A concerted switch to a low-carbon economy could create enough construction jobs alone by 2050 to hire everyone unemployed in the country today, a new report from the Columbia Institute estimates.
The B.C.-based think tank investigated the potential on behalf of Canada’s Building Trades Unions (CBTU) alliance and its 14 member organizations. “A low-carbon economy could create almost four million direct building trades jobs by 2050—and that’s a conservative estimate,” The Tyee reports. “These jobs include boilermakers, electrical workers, insulators, ironworkers and masons.”
According to the federal government, slightly fewer than 1.4 million people were unemployed in the country last year.

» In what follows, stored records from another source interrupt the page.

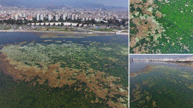 İzmir Körfezi'nin Bostanlı sahili tarafında, deniz suyundaki azot ve fosfor miktarının artmasıyla çoğalan deniz yosunu (Ulva lactuca) su yüzeyinde yeşil bir örtü oluşturdu.
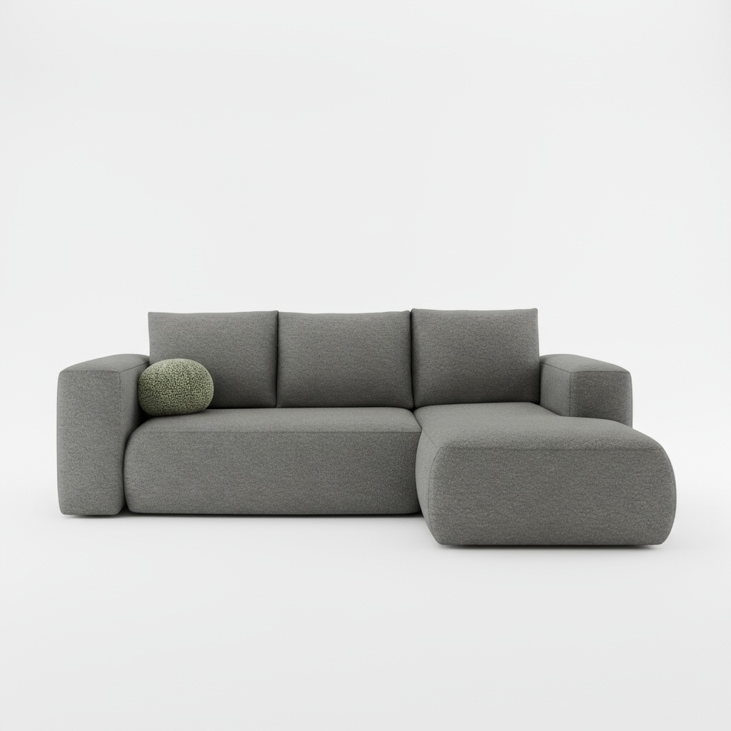 Mebel w kształcie litery L idealnie organizuje przestrzeń w pokoju dziennym. Jego uniwersalna bryła świetnie odnajduje się we wnętrzach nowoczesnych oraz inspirowanych stylem boho. Szary odcień tapicerki jest przy tym niezwykle elegancki. Stanowi doskonałą bazę dla kolorowych dodatków. Co ważne, tapicerowany tył pozwala ustawić narożnik w dowolnym miejscu salonu, nawet na jego środku.
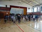 素敵な飾りに囲まれて、6年生は卒業式の練習を頑張っています。
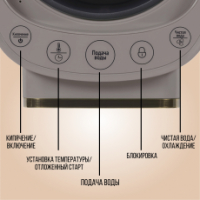 Объем воды 5 литров закипает быстро благодаря высокой мощности в 1200Вт. Информативный дисплей покажет вам не только заданный режим, но и температуру в режиме реального времени. Когда вода внутри колбы будет заканчиваться – термопот сам оповестит вас с помощью сигнала. При необходимости подачу воды можно заблокировать.
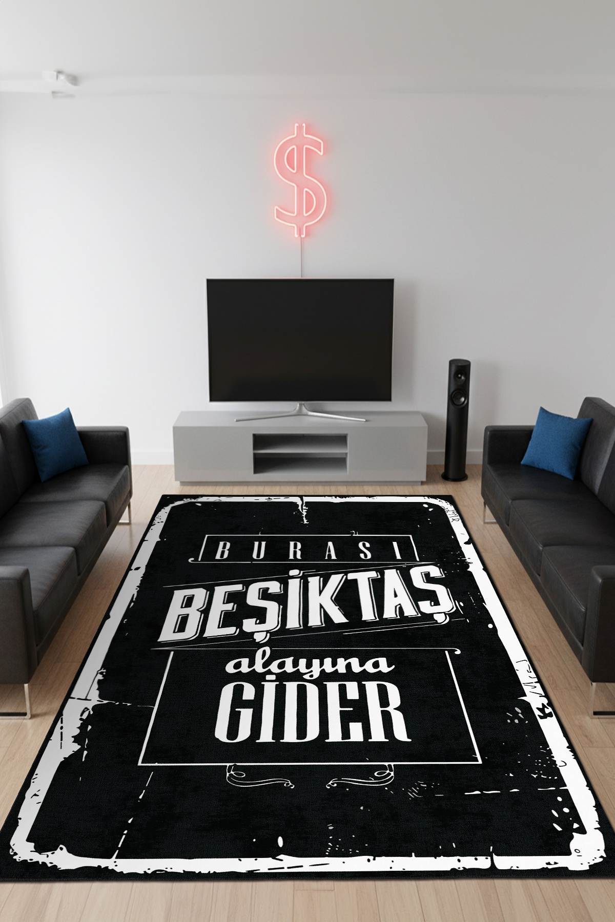 Siyah Beyaz Taraftar Dijital Baskılı Makinede Yıkanabilir Kaymaz Leke Tutmaz Çocuk Odası Halısı Siyah Beyaz Taraftar Dijital Baskılı Makinede Yıkanabilir Kaymaz Leke Tutmaz Çocuk Odası Halısı DPÇ0201 160 x 230
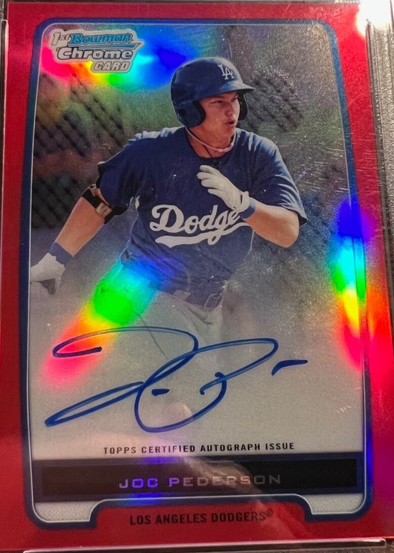 Joc Pederson 2012 Bowman #BCP104 Chrome Prospect Auto - Red Refractor /5 (1st) RAW Price Guide
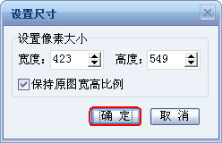 也可以通过“自定义尺寸裁切”来裁剪照片。点击“自定义尺寸裁切”,弹出“设置尺寸”对话框,设置像素的宽度和高度,如果选择“保持原图高宽比例”,则调整高度或宽度时,宽度和高度也会同比例发生变动,点击“确定”按钮,按钮弹出“自由裁切工具”,拖动裁切框至合适的大小和位置,点击“确定”完成照片裁切。
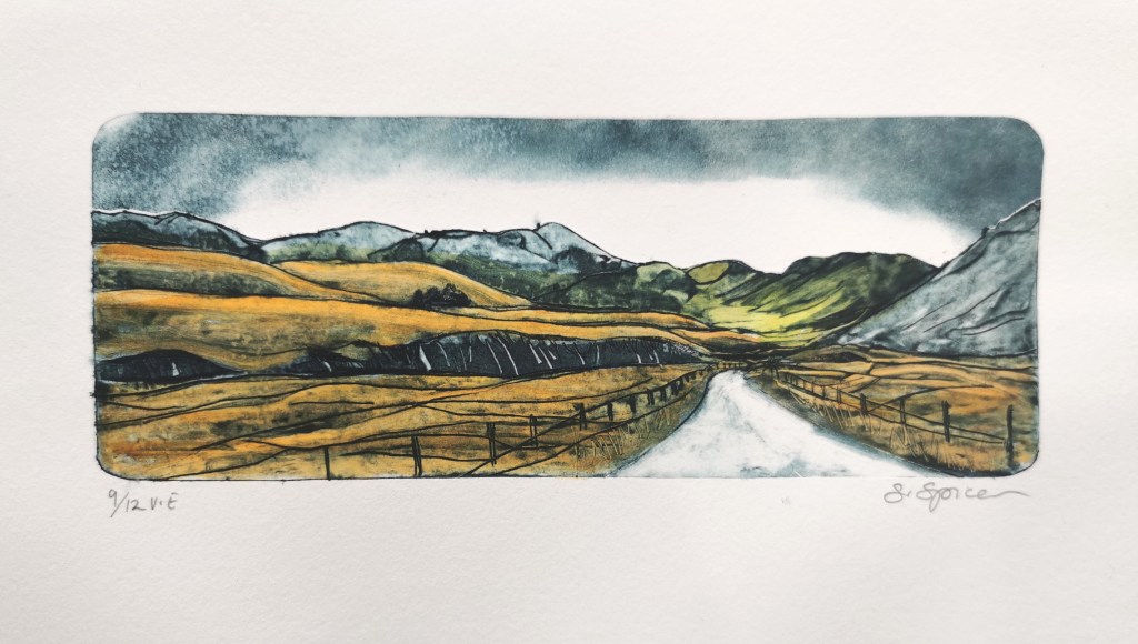 I enjoyed the challenge of conveying a sense of shifting light and wide expanse into a small print, and used composition, mark-making and tone to do so. This piece was created by scribing the inside of almond milk tetrapak carton, wiping Charbonnel Aquawash etching ink over it, and printing it to damp Fabriano Rosaspina paper. It was then hand coloured with watercolour.

The Jobs for Tomorrow—Canada’s Building Trades and Net Zero Emissions report finds that “new eco-friendly construction and retrofitting could create almost two million direct non-residential construction jobs.” Building out the electrical grid to tie together clean energy sources, including “hydroelectric, wind, solar, geothermal and tidal power generation, and legacy nuclear” would create more than 1.1 million additional construction jobs.” Tying half of the country’s cities into efficient district heating and power grids would employ another half-million construction workers, while expanding urban transit would occupy a quarter of a million more workers to mid-century.
The new findings provide Canadian context to the mounting evidence that clean energy is creating a global jobs boom. Internationally, “investments of 2% of Gross Domestic Product in the green economy in 12 countries could create up to 48 million new jobs” over the next half-decade, the Institute writes, citing the International Trade Union Confederation.
Clean energy already employs more Americans than fossil production in almost every U.S. state, and is creating more than twice as many new jobs across the country, an analysis by the Sierra Club determined. Worldwide, the International Renewable Energy Agency reported in May, renewable energy employed 9.8 million people last year—a number set to more than double to 24 million by 2030.
What is ‘legacy nuclear’?
Thanks for asking. That refers to nuclear plants in place now that the report assumes would still be in use after the grid has shifted to a predominantly renewable electricity mix.